Надежда в глазах Морского сменилась холодным раздражением.

— Вам самому не стыдно? — спросил он.

— Мне? — Коля аж подскочил, и лодка чуть не перевернулась. — Мне-то чего стыдиться? Я выполняю свою работу. В убийстве не замешан, в попытках нелегального вывоза советских граждан за границу — тоже. Да. Вот я вам все и рассказал. Я думаю, что вы пытались, выдав Ирину за Милену, переправить ее во Францию. Я прав?

Морской предательски молчал, а Коля продолжал давить. На этот раз спокойно и уже только фактами.

— Когда я понял, что вы выглядите во всей этой истории очень подозрительно, решил расставить несколько ловушек для проверки.
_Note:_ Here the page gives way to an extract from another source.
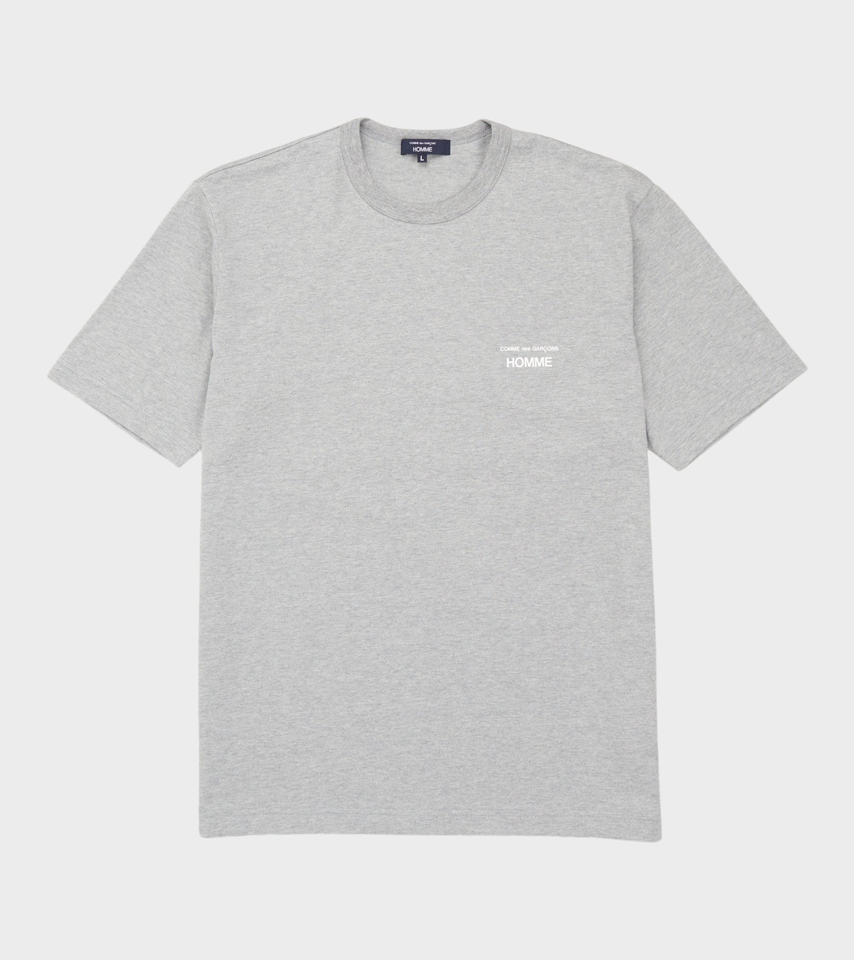 Lysegrå t-shirt fra Comme des Garcons Homme. Denne t-shirt er fremstillet i bomuld og har et printet logo ved venstre bryst.

Например, обязать вас пересказать разговоры Арагонов. У них стоит прослушка, и любую попытку замести следы убийцы, малейшее несоответствие вашего рассказа реальности я бы сразу заметил. Но тут вы не попались. О, как же я обрадовался, помню… К тому же в тот момент пришла зацепка про этого проспавшего художника. Но тут вы все же выдали себя и окончательно испортили мне настроение… Я ведь нарочно вам сказал тогда, что пара вопросов деду Хаиму откроет мне имя убийцы. Это была вторая проверка. И ее вы уже не прошли — начали выпытывать, был ли я у Хаима, что спрашивал. Видели бы вы себя в тот момент. При всем желании я не мог не заметить, в какой вы панике. Но я еще тогда во что-то верил. Загадал, что вот если вы побежите расспрашивать старика, значит, и правда замешаны. Тогда уже, отбросив к черту жалость, прижму вас к стенке.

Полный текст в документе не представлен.